Article Text

FRI0538 Evaluation of factors that increase fracture risk in breast cancer
  1. A Anand1,
  2. M Ghafouri2,
  3. M Bukhari1
  1. 1University Hospitals of Morcambe Bay NHS Foundation Trust
  2. 2Lancaster University, Lancaster, United Kingdom


Background Women with breast cancer are at an increased risk of fractures. This is present in patients with both active and treated disease. In addition to established risk factors of fractures, patients with breast cancer are exposed to additional factors that further compromise bone strength. These factors primarily include: the malignancy interfering with bone metabolism and breast cancer treatments inducing bone loss.

Objectives To evaluate fracture risk in active and treated breast cancer patients, and to understand the role bone mineral density (BMD) plays in predicting fracture risk.

Methods The study population included breast cancer patients with active and treated disease referred to dual-energy X-ray absorptiometry (DEXA) scanning at the Royal Lancaster Infirmary between 2004–2015. Patients on aromatase inhibitors were excluded because of its' negative effect on oestrogen.

From this population, we collected BMD measurements of the femur and lumbar vertebra. Alongside information on physical characteristics such as age, height, weight, body mass index (BMI), average tissue thickness, lean and fat mass were measured.

To evaluate other precipitating factors known to increase fracture risk we included: smoking status, steroids use, alcohol, family history of fractures, diagnosis of rheumatoid arthritis and secondary osteoperosis.

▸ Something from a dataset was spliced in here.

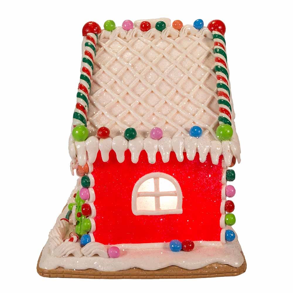 Add a sweet touch to your holiday décor with this claydough red gingerbread house with C7 bulb from Kurt Adler! Its delicious-looking design has everything you would want in a classic gingerbread house, from the icing snow to the candy embellishments. When plugged in, the house lights up with a warm glow from within with its C7 bulb.

Data analysis was done on R 3.3.2 software. Odds ratios were calculated using logistic regression and age adjusted models were compared using the likelihood ratio test. Categorical data was analysed using Chi squared and Fischer's exact test, while continuous data was analyzed using t-test.

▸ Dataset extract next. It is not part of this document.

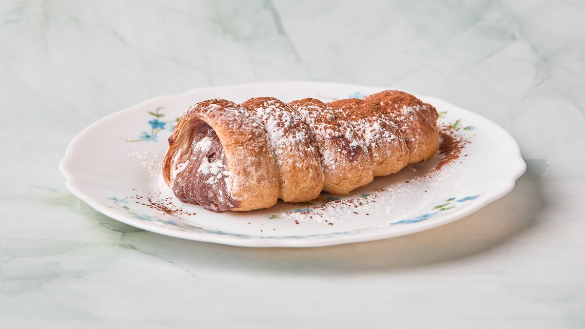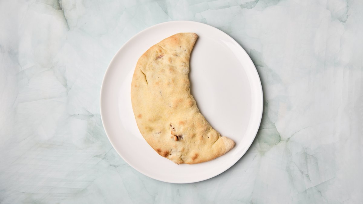 Pizza calzone, mozzarella, skinke, sjampinjonger, tomatsaus og oliven.

Results The study population was a total of 306 patients with a mean age of 63.6 years. 146 of the study group had active disease, while 160 patient were breast cancer survivors. Of the total population 87 (28%) had sustained at least one fracture.

Active breast cancer insignificantly increased fracture risk in comparison to the cancer survivor population (OR=1.330, 95% CI=0.801–2.218, p=0.271).

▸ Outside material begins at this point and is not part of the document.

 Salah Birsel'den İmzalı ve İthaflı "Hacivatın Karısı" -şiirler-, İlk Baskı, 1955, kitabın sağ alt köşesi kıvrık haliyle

Physical characteristics that significantly increased fracture risk included increased age and decreased average fat percentage (Table 1). BMD reduction in the femoral neck and all vertebrae significantly increased odds of having a fracture (Table 2).

External factors such as smoking status, alcohol consumption, family history and steroid use had no significant effect.

Table 1.

Physical Characteristics and Fracture Risk

Table 2.

BMD Results from DEXA Scan

Conclusions In conclusion, this study emphasizes DEXA measurements are the best predictive tool for fractures in breast cancer patients. Thus further supporting the need for increased BMD surveillance for those diagnosed with breast cancer who are not on aromatase inhibitors.


  1. Body J: Increased fracture rate in women with breast cancer: a review of the hidden risk. Body BMC Cancer 2011, 11:304.

  2. R Core Team (2016). R: A language and environment for statistical computing. R Foundation for Statistical Computing, Vienna, Austria.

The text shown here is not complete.